Kate’s aim is to create a sanctuary where members can take a break from their busy lives to recalibrate, re-energise and manage their health in an uncompetitive and unpressured environment. It helps them, she says, to cope with all the things that life throws at them.
That said, it’s not an entirely man-free zone. Members are encouraged to invite male friends and relatives to the club before 9.30am and after 6pm, and they can attend any of the lectures and workshops for a non-member fee. The medical practice is also open to male and female non-members.
Since opening in 2012, Grace Belgravia has attracted a sorority of likeminded women, the majority of whom are professional. The club boasts 60 different nationalities and an age range from 21 to 80. Around 60% of members come from the target areas of Belgravia, Chelsea and Knightsbridge. Others come from as far afield as Hampstead and Holland Park, because Grace offers so much more than a gym.

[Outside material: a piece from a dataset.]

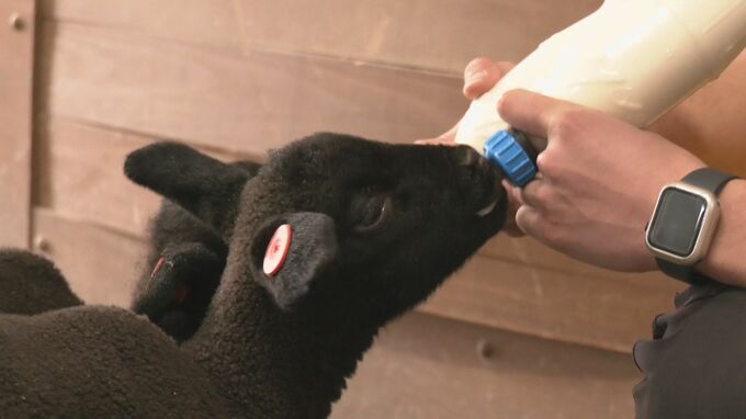 元気いっぱいにミルクを飲む羊の赤ちゃん。岐阜県郡上市の牧歌の里では、羊の赤ちゃんがことしに入ってから10匹生まれました。体長はおよそ40センチ、現在は色の黒い羊の赤ちゃんは、半年ほどで親と同じように白い…

For members who are new to the area, the club has helped them to become a part of the community. Kate and her 100-strong team help newcomers to find their feet in the area, pointing them in the right direction for different services and putting them in touch with other organisations. But Grace is also a place where members can make friends locally.
“People come to treat it as a home away from home,” says Kate. “Although it’s a beautiful club, it’s not stuffy. All the staff and members are very friendly we’ve really worked hard to make it a very non-judgemental place where people can come and relax.
“A lot of people who come here are going through changes in life, whether that’s aging, suffering from lack of sleep or stress, wanting to have a baby. These are all things that affect everybody and they shouldn’t feel that they are alone in coping with them.”
Kate has exciting plans for developing the Grace Belgravia concept. This year sees the launch for the Wellness in the Workplace Awards. Organised with a number of partners, the awards will recognise employers of all sizes that are making wellness in the workplace a priority. And plans are in the pipeline for the launch of a second site in 2018.
As the club expands, she hopes more and more members will experience a similar transformation to that of her own daughter.
“She’s taking time out and not feeling guilty about it,” says Kate. “I’ve seen other people do that as well. Habits are beginning to change and I think if we can be responsible for that, whether it’s through the club, through the awards or giving talks and workshops, we can get people to start realising that being a slave to the job doesn’t do anybody any favours and you’re so much better at your job if you’re feeling healthier.”